Fundamentals of Electrical Gas Discharges

Abstract

This chapter is a brief, and in certain passages qualitative, description of how an electrical gas discharge works. The main purpose of Part I of this textbook is not to present a detailed description of the operation of the various types of discharges, but instead to analyse the various aspects of the electron kinetics that are in the origin of the electrical discharges operation from a microscopic point of view. However, the present chapter is not in line with this perspective, since its purpose is to bring the reader to the physical system under study, which will be studied from Chap. 2 throughout based on the electron Boltzmann transport equation.

Appendices

Appendices

1.1 A.1.1 Particle Current Density Upon a Surface

The expression of the particle current density upon a surface due to the random movement used in equations (1.1) and (1.84) can be derived as follows. Let us consider a certain type of particles (electrons, ions, atoms) in which the number of particles, per volume unit, with the absolute value of velocity between v and v + dv is

$$\displaystyle{ dn = f(v)\;4\pi v^{2}\;dv, }$$

(1.98)

being f(v) the particle velocity distribution normalized such that

$$\displaystyle{ n =\int _{ 0}^{\infty }f(v)\;4\pi v^{2}\;dv, }$$

(1.99)

with n denoting the particle number density.
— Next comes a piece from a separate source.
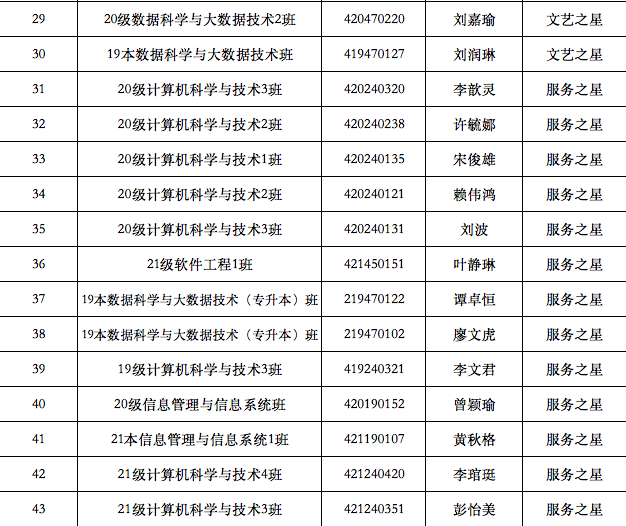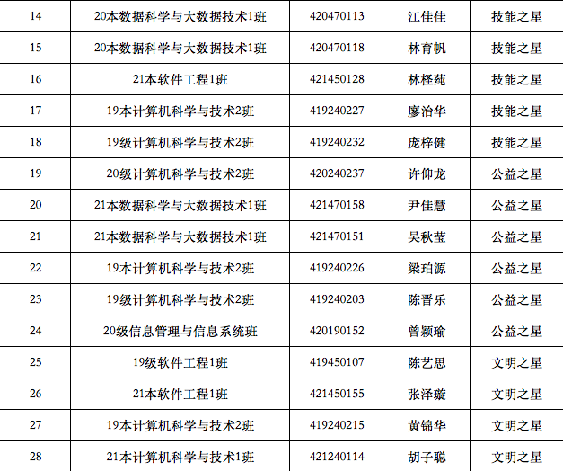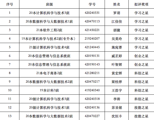 为深入贯彻习近平新时代中国特色社会主义思想,进一步培育和践行社会主义核心价值观,根据《关于评选第二届“校园之星”的通知》、《广州华商学院“十大校园之星”评选办法》等文件精神,数据科学学院开展了相关评优工作,现将学习之星、创业之星、科创之星、技能之星、公益之星、服务之星、体育之星、文艺之心拟评名单公式如下:

The particles within the angle solid \(d\Omega =\sin \theta \; d\theta \;d\phi\) will hit the plane xOy in the time interval dt if they lie at a distance \(dz = v\;\cos \theta \;dt\) of the plane (see Fig. 1.14). Since the fractional number of particles within the angle solid is \(d\Omega /4\pi\), the number of particles, per surface unit, with velocities between v and v + dv and within the angle solid \(d\Omega\), that impinge the plane xOy in the time interval dt is

$$\displaystyle{ f(v)\;4\pi v^{2}\;dv\;\frac{d\Omega } {4\pi } \;v\;\cos \theta \;dt. }$$

(1.100)

Fig. 1.14

Particles within the angle solid \(d\Omega =\sin \theta \; d\theta \;d\phi\) and at a distance \(dz = v\;\cos \theta \;dt\) of the plane xOy, impinging on it during the time interval dt

Integrating first over all velocities

$$\displaystyle{ \cos \theta \;\frac{d\Omega } {4\pi } \;dt\int _{0}^{\infty }v\;f(v)\;4\pi v^{2}\;dv, }$$

(1.101)

we obtain

$$\displaystyle{ \cos \theta \;\frac{d\Omega } {4\pi } \;dt\;n <\!\! v\!\!>, }$$

(1.102)

being

$$\displaystyle{ <\!\! v\!\!>= \frac{1} {n}\int _{0}^{\infty }v\;f(v)\;4\pi v^{2}\;dv }$$

(1.103)

the average particle velocity. Integrating now over all directions in the semispace z ≥ 0, we obtain the number of collisions per surface unit in the time interval dt

$$\displaystyle{ \frac{n <\!\! v\!\!>} {4\pi } \;dt\int _{0}^{\pi /2}\cos \theta \;\sin \theta \;d\theta \int _{ 0}^{2\pi }d\phi = \frac{n <\!\! v\!\!>} {4} \;dt. }$$

(1.104)

Thus, the number of collisions per surface and time units, i.e. the particle current density is

$$\displaystyle{ \Gamma = \frac{n <\!\! v\!\!>} {4}. }$$

(1.105)

1.2 A.1.2 Solution of Equation (1.15)

Let us start by multiplying both members of equation (1.15) by 2 dV∕dx and write it under the form

$$\displaystyle{ \frac{d} {dx}\left [\left (\frac{dV } {dx} \right )^{\!\!2}\right ] = 2\;C\;V ^{-1/2}\;\frac{dV } {dx}. }$$

(1.106)

This equation is easily integrated to get

$$\displaystyle{ \left (\frac{dV } {dx} \right )^{\!\!2} =\; 4\;C\;V ^{1/2} +\; K, }$$

(1.107)

in which K = 0 due to the condition at the cathode \(E_{0} = (dV/dx)_{0} = 0\). We have therefore

$$\displaystyle{ \frac{dV } {dx} = 2\;\sqrt{C}\;V ^{1/4} }$$

(1.108)

and now this equation may be integrated again

$$\displaystyle{ \int _{0}^{V }V ^{-1/4}dV = 2\;\sqrt{C}\int _{ 0}^{x}dx }$$

(1.109)

allowing to obtain

$$\displaystyle{ \frac{V ^{3/4}} {3/4} = 2\;\sqrt{C}\;x, }$$

(1.110)

which at the end takes the form of equation (1.17)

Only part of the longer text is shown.